To paraphrase Paul’s words: ‘even though sin still lives and grows within us, Christ is continually at work, healing and purifying us.’ When we follow our own paths, trusting ourselves and our lives to the work of our hands and the wisdom of our minds, we journey more deeply into the sin and the spiritual death it brings. Yet, Christ journeys with us, rests beside us as we suffer, and stands ready with grace to heal us and bring us back to life.
In the greatness of perfect love, God desires that we turn over all that we have and all that we are to the divine guidance so that we may become all that God dreams for us. Yet, where we are impatient, God waits. When we turn away, forget the wisdom we have heard again and again God waits for us to turn back. Each time we hold a part of ourselves back, screaming “no” into the face of our teacher and protector, Christ sighs, waits for the tantrum to pass, and calls us once again to come to our senses. Every time we realize what we have done and what we are becoming, God greets our apologies with a smile, offers us a healing embrace, and invites us to accept the grace that brings new life.

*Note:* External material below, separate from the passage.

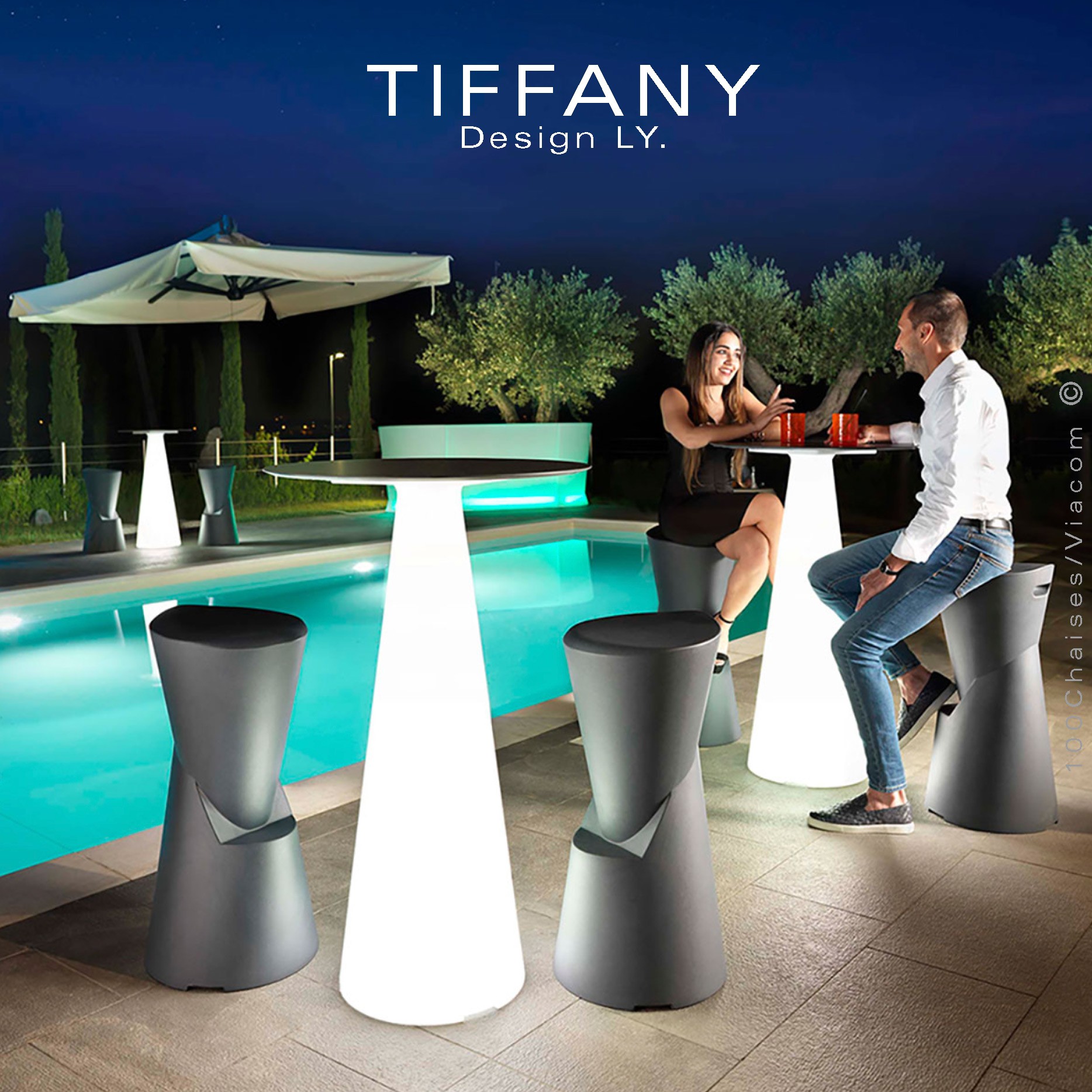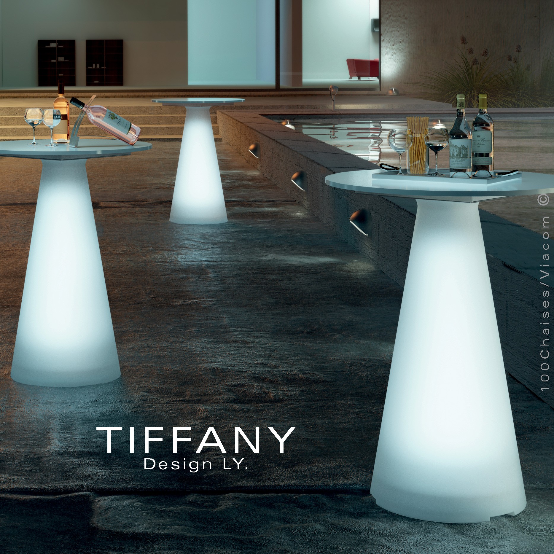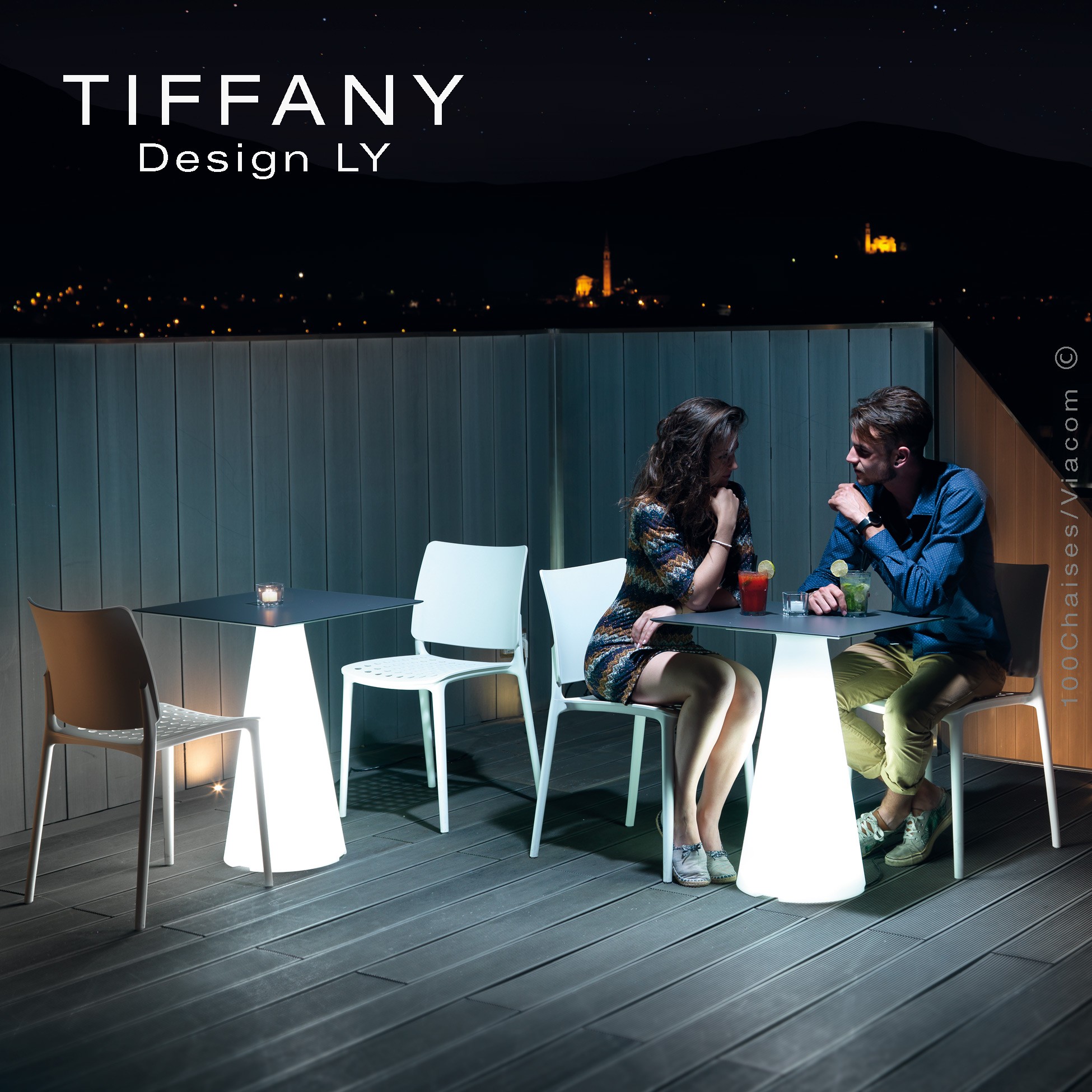 Collections / table pour café, hôtel, restaurant TIFFANY. La collection de table TIFFANY est conçue pour l’extérieur, terrasse, café, hôtel, restaurant. Table à usage domestique ou professionnel. Les plateaux compact HPL, sont disponibles en cinq tailles (60x60 / 70x70 / Ø60 / Ø70 / Ø80 cm.) de formes carrés ou rondes. Ils s’adapteront à tous les espaces avec leurs trois couleurs noir, blanc, et marron. Le piétement plastique en polyéthylène est réalisé par la technique de rotomoulage teinté dans la masse. Il est disponible en deux hauteurs 72 cm. et 110 cm., proposés en 7 coloris blanc, bleu, bleu clair, jaune, marron, noir, rouge. Les colonnes ou piètements sont disponibles en version lumineuse, ils donneront à votre terrasse une ambiance tamisé, douce et chaleureuse.

We have been invited to repent and be purified. We are being invited even now to turn back from our own ways – the ways made inviting by our impatience and the false promise of gratification – and follow God’s way. And God is waiting… welcoming … offering new life … life filled with joy and surrounded by the loving embrace of our God. We have been invited to come, and this time we don’t have to wait.
We have been invited. Let us turn and go and receive our promised welcome.